With the pictures omitted, output word for word the lines from the one containing "Women Fuchsia Foil" through the end of the records.

DATA UNDER STUDY START

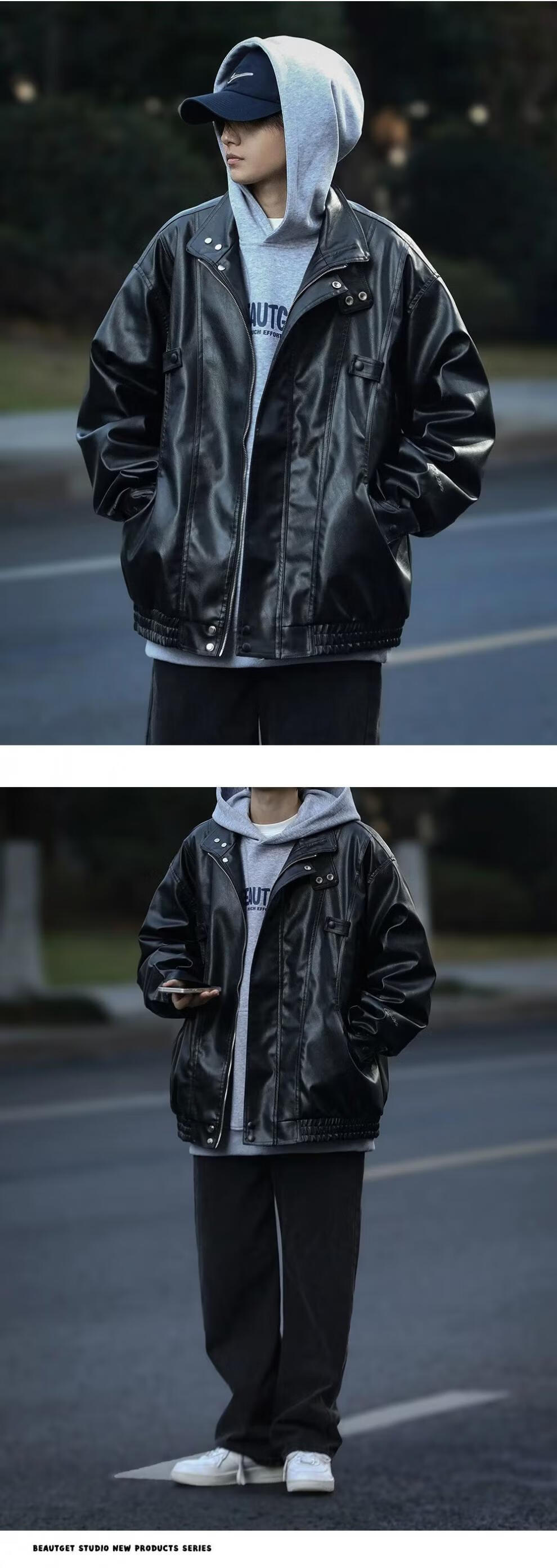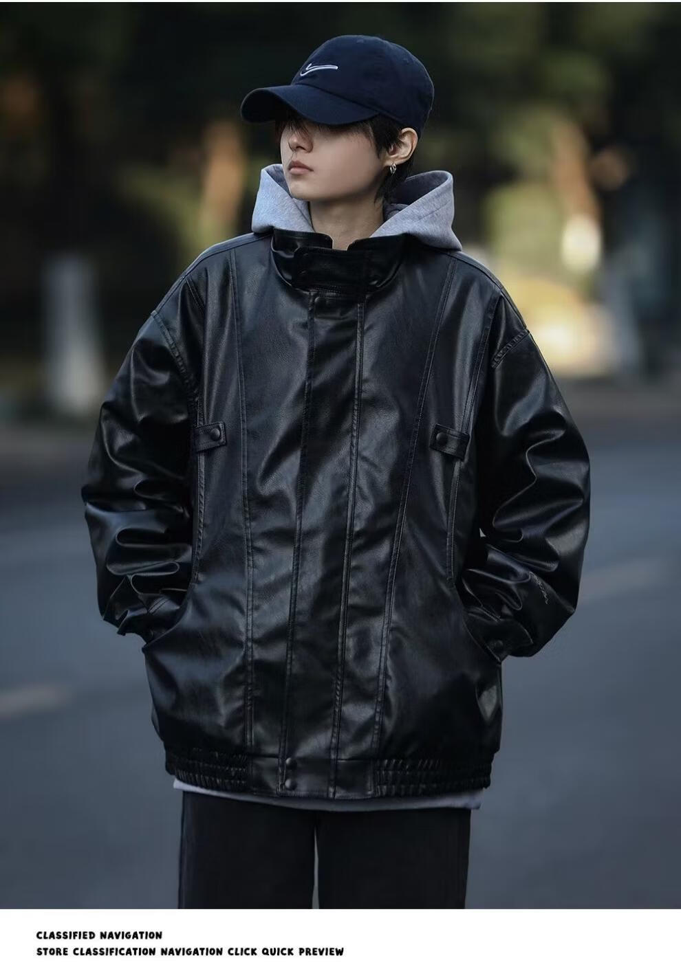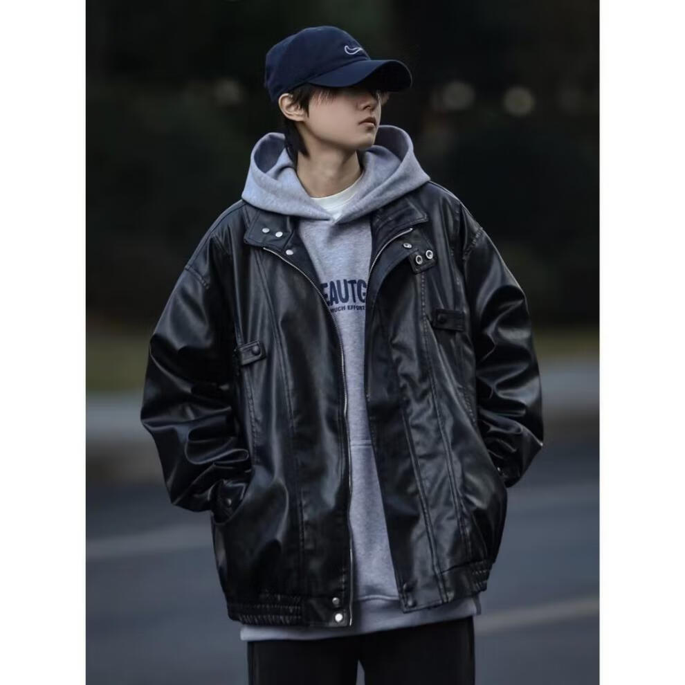 迪伽达美式复古夹克男韩版潮流秋冬新款皮衣男ins宽松加绒保暖黑色外套 WYXH-Y7714黑色 常规 XL [建议105斤-120斤】
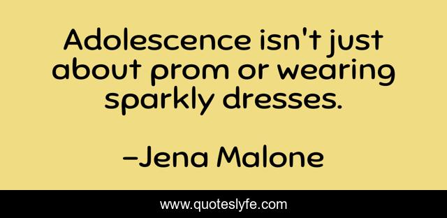 This page presents the quote "Adolescence isn't just about prom or wearing sparkly dresses.". Author of this quote is Jena Malone. This quote is about prom, dresses, adolescence,.
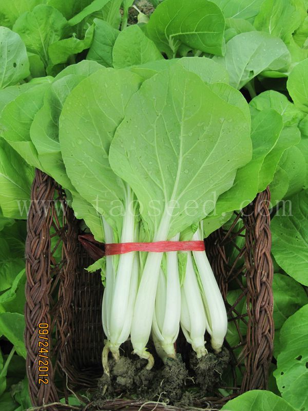 新育成小白菜,株高28厘米,株型紧凑,梗雪白扁平,叶近圆形浅绿色,纤堆少,味清甜,耐热耐雨,抗病性强,适应性广。
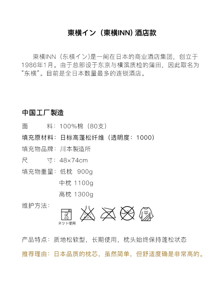 - [立体枕一只 900克/48*74cm 低枕]
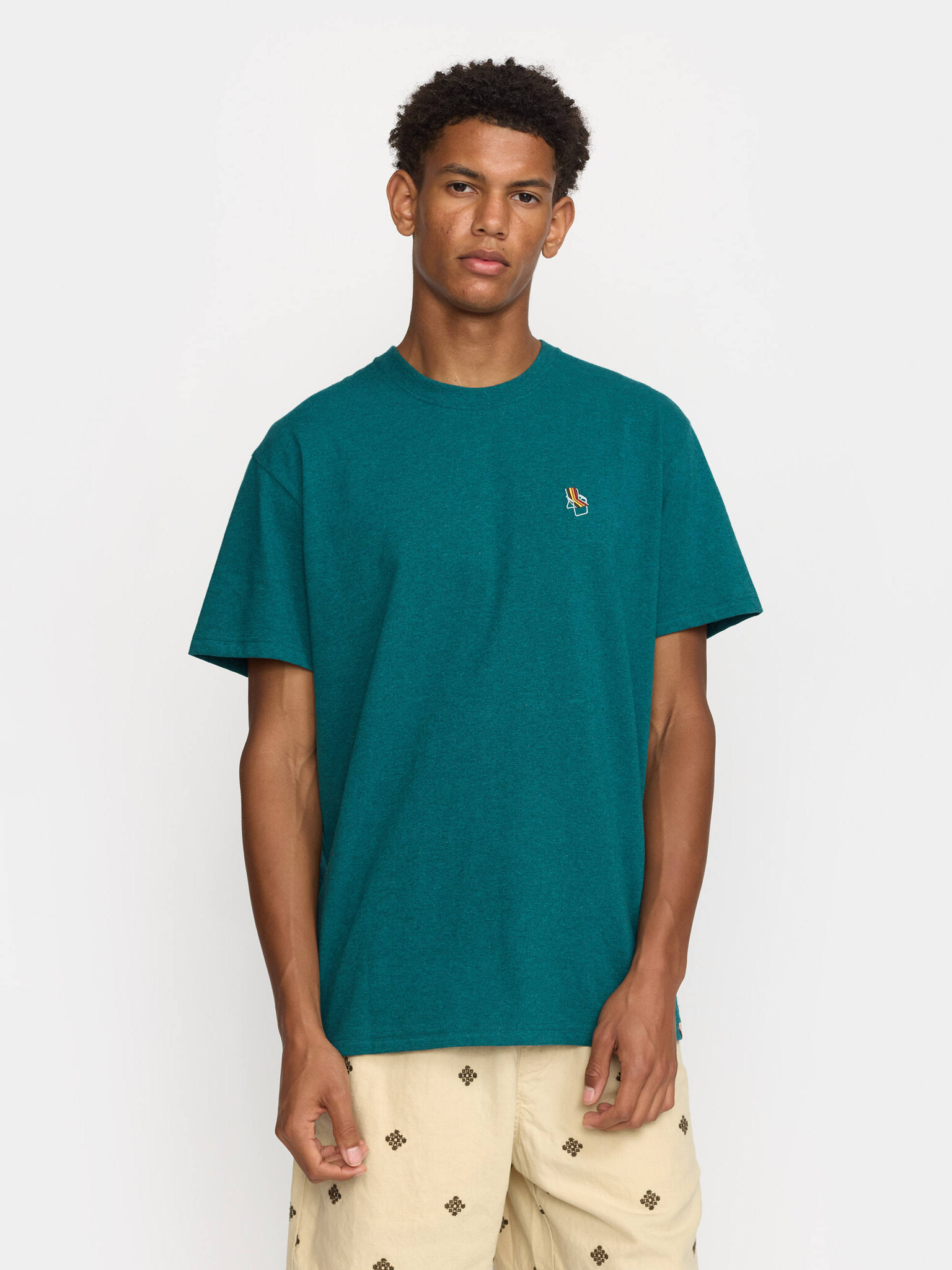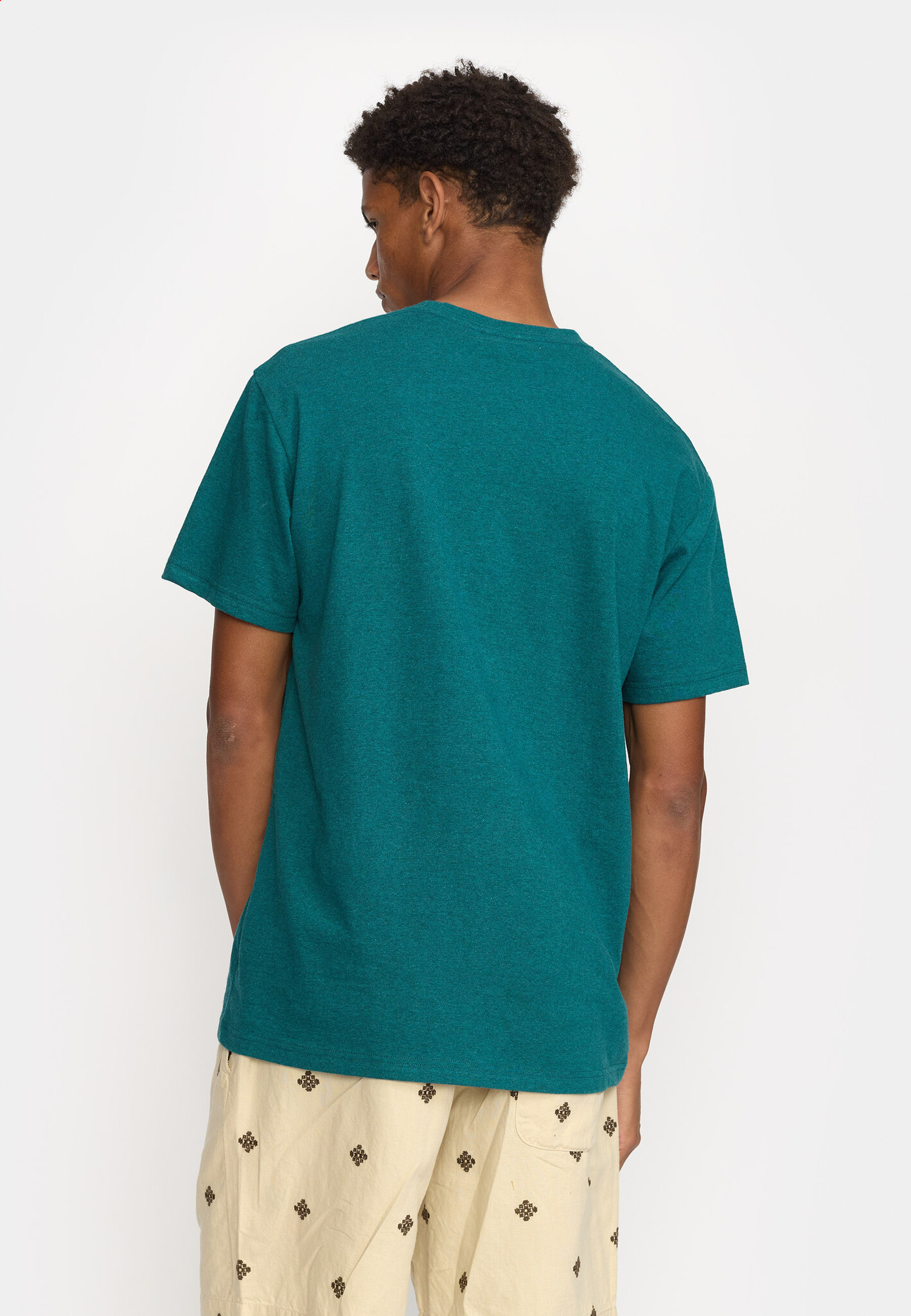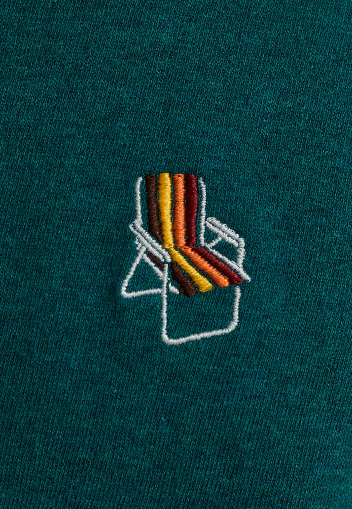 Losvallend T-shirt met ronde hals en korte mouwen, gemaakt van petrolkleurig gemêleerd biologisch katoentricot (200 g/m²). Voorzien van een klein, kleurrijk borduursel van een opvouwbare strandstoel op de borst.
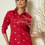 Women Fuchsia Foil Print Shoulder Padded Slim Fit Poplin Shirt
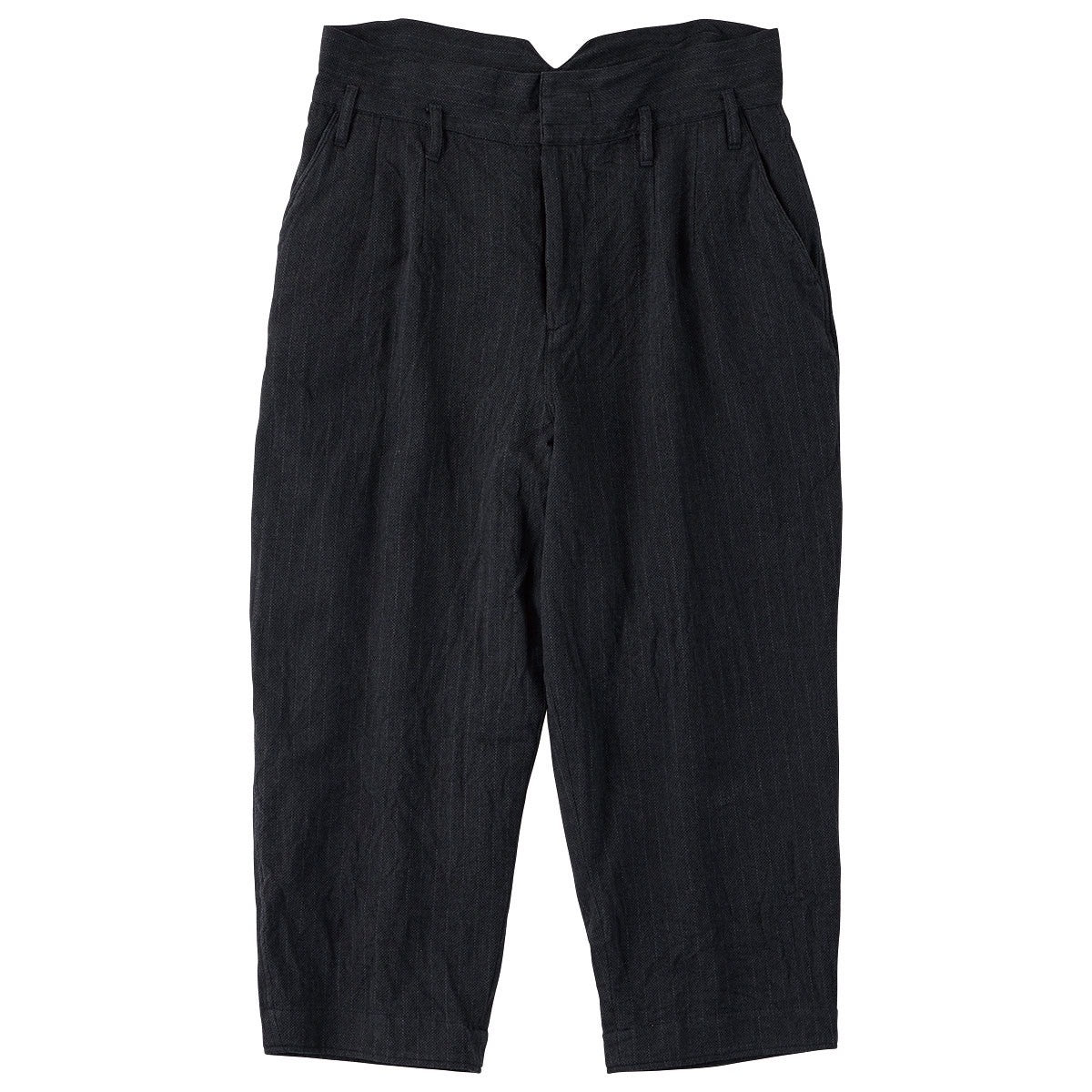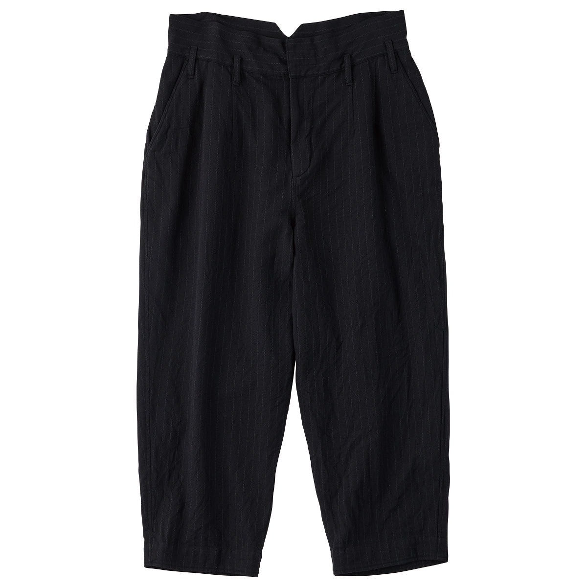 ウールとコットンで織り上げた風合い豊かな生地は、掠れたピンストライプが良い雰囲気です。ゆったりとしていてゆるやかにテーパード、余裕を感じる上品なシルエット。

DATA UNDER STUDY END

* **ANSWER AREA**
 Women Fuchsia Foil Print Shoulder Padded Slim Fit Poplin Shirt
 ウールとコットンで織り上げた風合い豊かな生地は、掠れたピンストライプが良い雰囲気です。ゆったりとしていてゆるやかにテーパード、余裕を感じる上品なシルエット。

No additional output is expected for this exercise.